The full title is Content everywhere: Strategy and Structure for Future-Ready Content, and it probably helps to think of it as a workbook to find ways to enable your content to be re-used and connected across your site (and used in other systems and websites) whilst minimising the demands on web publishers, who – as we all know – are people who are very pressed for time!
Making your content work on all platforms
It’s about making content that can work on desktops, mobiles, tablets, big screens and elsewhere but also work on different pages in different sections of your website, automatically displaying different bits of the content in each scenario according to the rules that you’ve set.
This means finding ways to free content from its silos. For example, on page 12 she writes:
The more you strive for a perfect page, the more you limit yourself to just that page.
Wachter-Boettcher takes readers though the process of transition.

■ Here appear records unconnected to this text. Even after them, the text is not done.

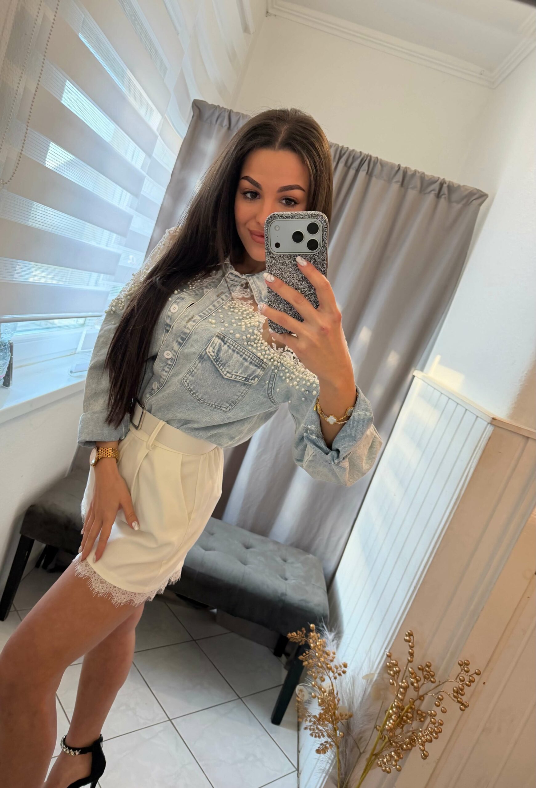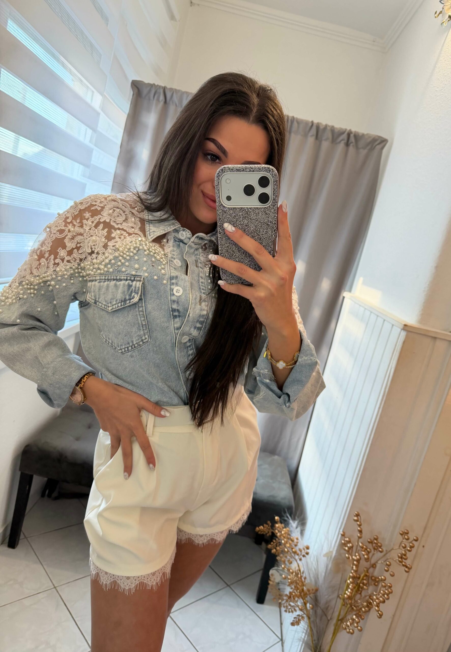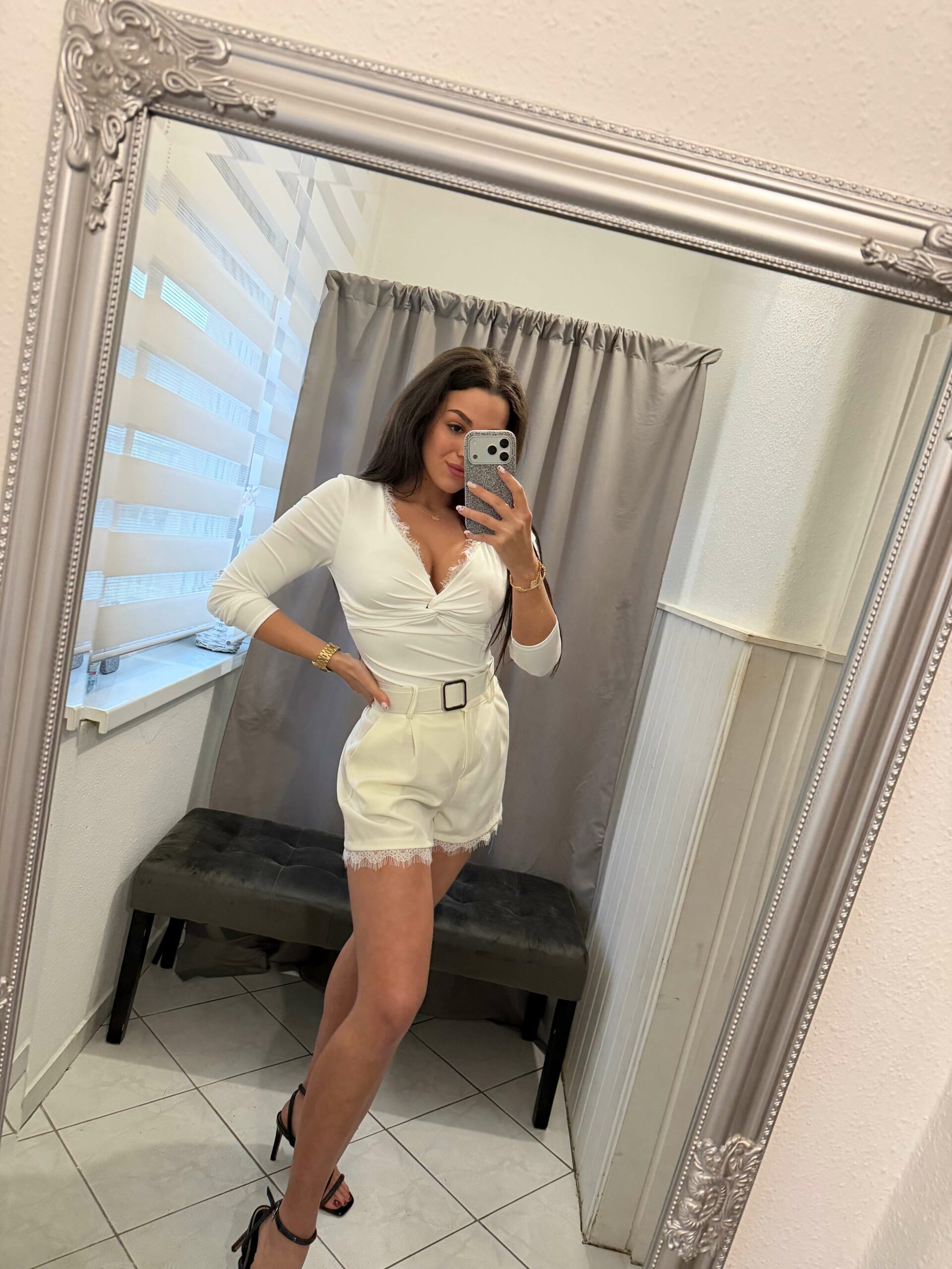 Dolen csipkével diszitett bézs rövid nadrág.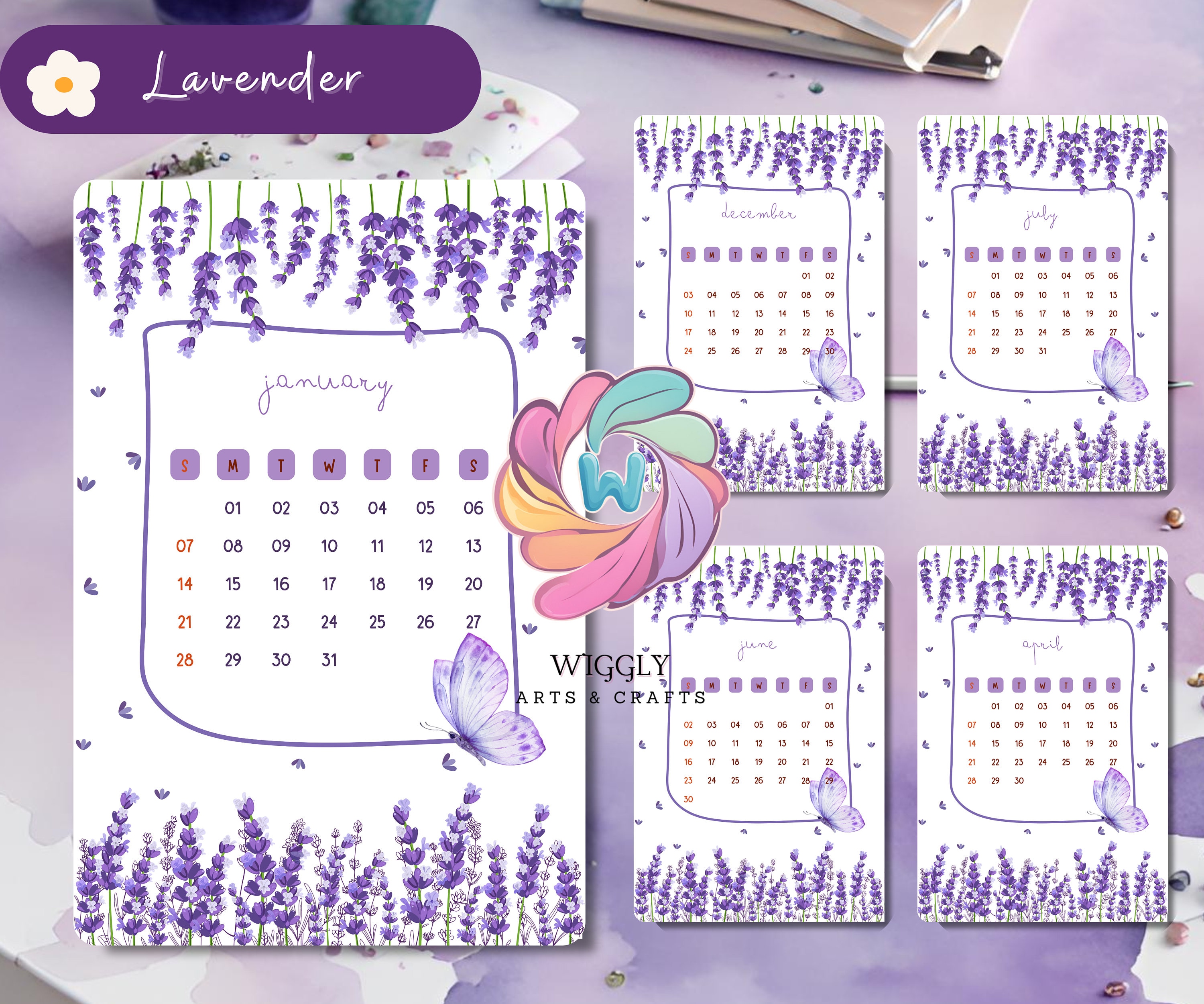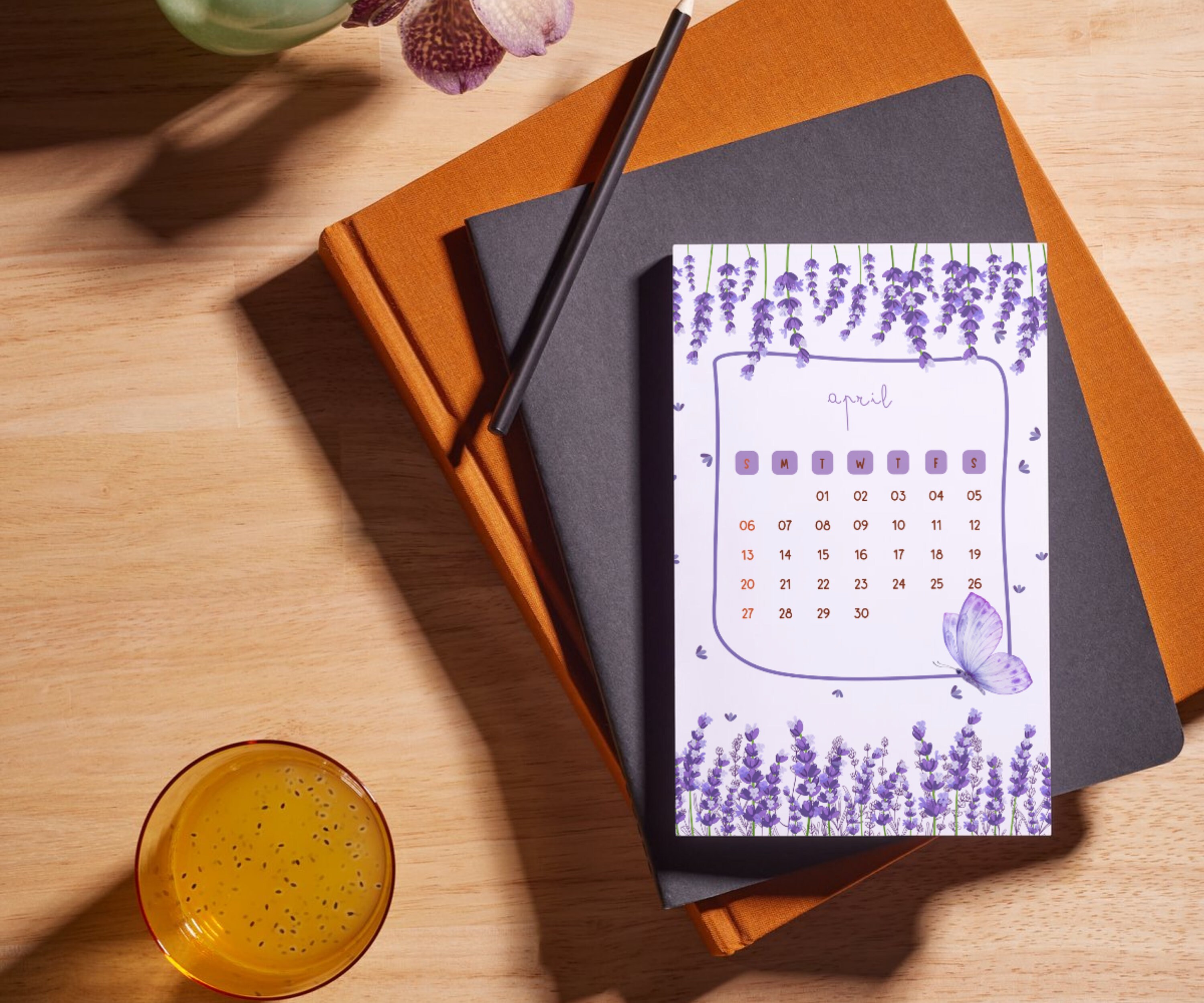 Calendar 2025 Desktop Calendar Flower Tulips Daisy Lavender
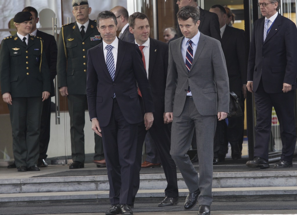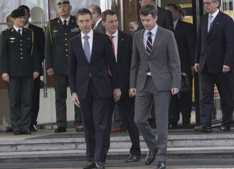 Denmark’s Crown Prince Frederik, center right, walks with NATO Secretary General Anders Fogh Rasmussen, center left, prior to laying a wreath in memory of the fallen at NATO headquarters in Brussels on Thursday, March 8, 2012. (AP Photo/Virginia Mayo)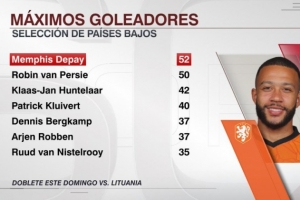 體育資訊9月8日訊 荷蘭在本輪世預賽3-2力克立陶宛,德佩梅開二度,并登頂荷蘭隊史射手王。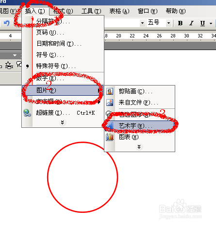 点击“插入”菜单,选“图片”中的“艺术字”一行三列,输入如:龙强电脑百度经验,利用旋转、弯曲等工具,调整适合大小。

She looks at deconstructing your content – understanding the content concepts and types and identifying all the necessary elements in a content type – then takes you through how to create a new model designed to configure content so it better serves your business needs.
Keep in mind the key aspects
One example is of a recipe: though it may seem obvious what elements a recipe needs – such as the name of the dish, the ingredients, the equipment, the method, – for this business – a health food store – the recipe supports a strategy to build customer relationships and trust (and thus sell more groceries) so for them the nutritional information in the recipes is really important.
Each chapter considers key aspects of web publishing stuff you’ll need to keep in mind but they’re handy introductions not in-depth explanations: before you realise you’ll be talking metadata, semantic mark-up, content rules, APIs, content shifting and information architecture.
Interviews
But it’s not all mechanical: the step-by-step approach is punctuated by short interviews with leaders in their fields, including this:
You must be able to consider both the underlying structure of the content and the “gestalt” – the shape or form – of the overall effect. Done well, the viewer doesn’t focus on those parts, but is left only with the sense that the composition ‘lives.’
R. Stephen Gracey, content strategist at the Federal Reserve Bank of Cleveland. Quoted on page 34/35
A rather inspiring reflection – for this content geek anyway! – on finding the beauty in content modelling.